I mean, you talked about holding off until after peak, but can you walk through changes? I know you mentioned reopening or accelerating some stuff in northwest Ohio, working on the tunnel in Virginia.
What is the goal on Intermodal? I don't if there's a simple way to kind of highlight what you're doing there.
Jim Foote
Yes, I guess the goal is- I think we were pretty clear about last year unwinding the hub and spoke system in northwest Ohio, where you had multiple handlings of the same container on the network, which is a very expensive way to do that when you're - very expensive way to operate especially when you have short length of pull associated with that. Last year we unwound that to a large degree and we talked about the fact that we took 7% of the volume, Intermodal volumes, off the Company in the third quarter of last year.
And to be honest with you, at that point in time, we thought we had fixed the Intermodal network to a large degree. What we uncovered as we went through 2018 then and began to try and build and make our terminals more effective and our trains more efficient, that we were doing similar things to the hub and spoke in north west Ohio, we were doing that same kind of double or triple handling of containers in many other locations on the railroad.
So, we are unwinding those. We got rid of, I would say, about a third of that earlier this year, before the peak.
And we have another piece of business that we will unwind, rationalize the lanes, get out of doing some of this double and triple handling of containers. And that will happen at the beginning of the year, after peak season.
And we'll clearly assess before we start to look into that kind of stuff, what the weather situation looks like and everything like that. Our goal here is to work with our customers.
Our customers clearly understand what we're doing. And in a lot of cases it’s been published not only in the media but in various analyst reports saying that what they're doing makes total sense.
You can't be everything to everyone. And we’re not here to win a blue ribbon for volume.
We're here to win an award for being safe, customer-focused and efficient in making money.
Operator
Next question comes from Thomas Wadewitz with UBS. You may ask your question.
Thomas Wadewitz
Congratulations on the strong results. Wanted to ask a question about - you've talked about this Intermodal changes in service.
You've previously, or just now, you said kind of 7-point impact of volume with what you did last year. Can you give kind of a framework of the changes you made in August this year, what you might do in first quarter next year?
Is that a bigger impact? What might be the total volume impact from those changes?
Frank Lonegro
So, Tom, the two announcements that we made, one, late-August and went into effect in mid-September had 2% impact on our volumes. And then the one that we announced early October, that won't take effect until early January, is about 5%.
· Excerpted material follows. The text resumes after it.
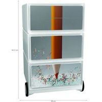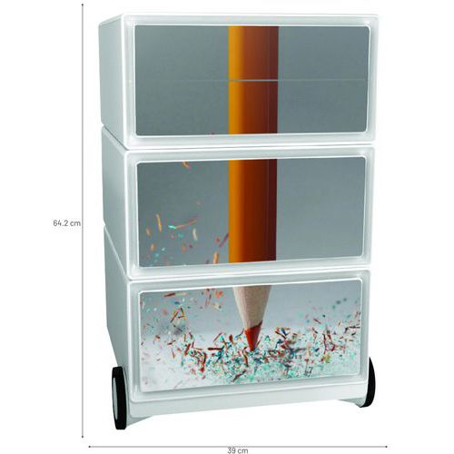 Mobilné dizajnové kontajnery so štyrmi zásuvkami na ukladanie kancelárskych pomôcok. Predná plocha zásuviek z ABS plastu s foto vzorom. Pojazdnosť zaisťujú 4 kolieska, z ktorých dve sú otočné. Užitočné rozmery zásuvky sú 32,5 x 13,3 x 40,5 cm.
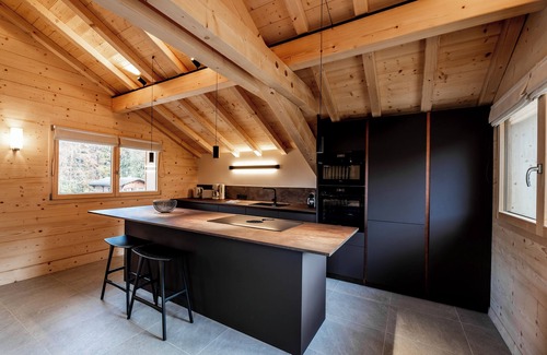 A staircase leads to the 1st floor. You arrive in a large open living room composed of a lounge with a large sofa and armchairs to peacefully enjoy the ethanol fireplace. A balcony allows you to enjoy the views of all the peaks, especially the Criou and the Bourgeoise. You then go into the dining room which can accommodate up to 12 people then into the fully equipped open kitchen with an island with 4 bar stools. From the dining room you have access to a large, very sunny wooden terrace.

So combined, it would be about the same volume impact that we announced in, I guess, this time last year.
Thomas Wadewitz
And then wanted to see if you could offer some thoughts on kind of where you're at with the sales force in getting them kind of, I guess the sales force energized and the right people in place and engagement with the customers in terms of selling for the Carload customers to leverage the service and maybe convert some truck freight? And then also if you had a little more color on the BN agreement kind of what the nature is of what you're doing with BN in northwest Ohio?
Thank you.
Jim Foote
It's a crafty way of asking a follow-up.
Thomas Wadewitz
Yes, I know, sorry about that.
Jim Foote
That's okay. So clearly, what I’ve been focused on here the last two-and-half months has been putting together an organization that I believe will be required going forward.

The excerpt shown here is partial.